Is archiving that easy then?

Data archiving is a complex process. It must be planned effectively so that the data transfer from a production database to the archival media does not disrupt normal operations. It is an art and proper planning has to go behind each and every operation done.

You can move the archival data from the production server to the destination storage format on a scheduled or on an arbitrary basis. Moving data on an established schedule allows you to create a process that is easily automated and tested, therefore causing fewer errors. When you choose the archiving frequency, you need to consider the impact of the data movement. You must schedule the data movement when the user load is low. Also, you must move small data sets periodically instead of moving one large data set.

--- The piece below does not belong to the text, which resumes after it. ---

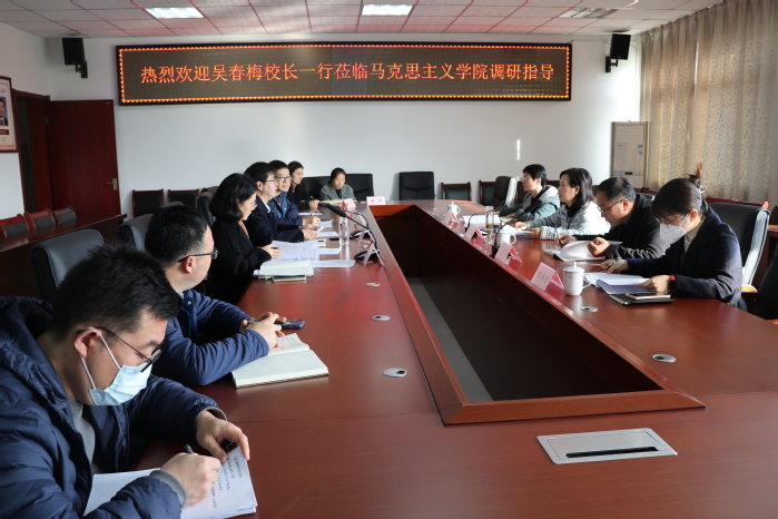 在马克思主义学院,吴春梅围绕“马克思主义理论学科硕士学位点申报和重点学科建设”开展专题调研指导。校党政办副主任毛小芳、研究生处副处长高大明等陪同调研。学院党政领导班子全体成员及部分教师参加调研会。会上,马克思主义学院院长陈志超汇报了学院硕士点申报工作,聚焦申报历程、主要措施、完善过程和未来工作安排做了详细介绍。副院长苏冰和金小方教授汇报了马克思主义学院重点学科建设等工作。

If you need to move the data to an archive server, then you must consider the type of connection between the production server and the archive server. If there is a direct connection, then you can use tools such as SQL Server Integration Services (SSIS) and replication for the data transfer. You can also use queries to transfer data between the linked servers. If there is a staged operation, then you need to store the data on an intermediate format, such as a tape or a DVD, before you move the data to the archive server. For indirect data transfer, you can use tools such as SSIS and the bcp utility.

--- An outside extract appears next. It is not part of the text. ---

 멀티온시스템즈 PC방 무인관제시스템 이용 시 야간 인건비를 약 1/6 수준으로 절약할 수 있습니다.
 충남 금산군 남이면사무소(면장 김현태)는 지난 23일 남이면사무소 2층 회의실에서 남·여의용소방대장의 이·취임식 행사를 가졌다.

You must ensure that all the storage formats and the network connections involved in the data movement are secure. This is a critical aspect. For example, assume that the archival data is moved from a production server to a tape through an intermediate server. In such a case, the database administrator must ensure that the two servers and the tape storage location are secure, and the network connections between them are secure. The administrator must also ensure that the network connections between the location and the two servers, and the network connections between the two servers are secure. Data stored on a portable format, such as a tape, is more vulnerable to security attacks than the data stored on an archive server in a secure data center. To achieve enhanced security, you can use encrypted data transfer and encrypted files.

Where to Archive?

You can store archival data on formats such as tapes, disks, or optical media. These formats differ in characteristics such as cost, accessibility, shelf life, reliability, durability, and security. If you need to archive large volumes of data frequently, the cost of storage is a significant consideration. Tapes are typically less expensive per megabyte of data than disks or optical media. On the other side, if you need quick access to the archived data, you can use disks or optical media instead of tapes. Data retrieval is faster with disks and optical media because these formats support random access, whereas tapes support sequential access. Parallel tape devices offering significantly better access times are now available. However, these devices are expensive.

Apart from these, also keep an eye on the reliability and durability factor which might vary from one format to another. Typically, tapes tend to deteriorate more easily than disks or optical media. But tapes have a longer shelf life than disks and optical media. Assuming these drives are physically secure, encrypting the data/backup has its own overhead if you are using third party softwares etc. But be cognizant of the same.


We did take a tour to why we need to archive our data and what are the current options available when dealing with large databases. These can be used as guidelines rather than words written on stone. We will dwell into more specifics on managing large data warehouses in our future articles.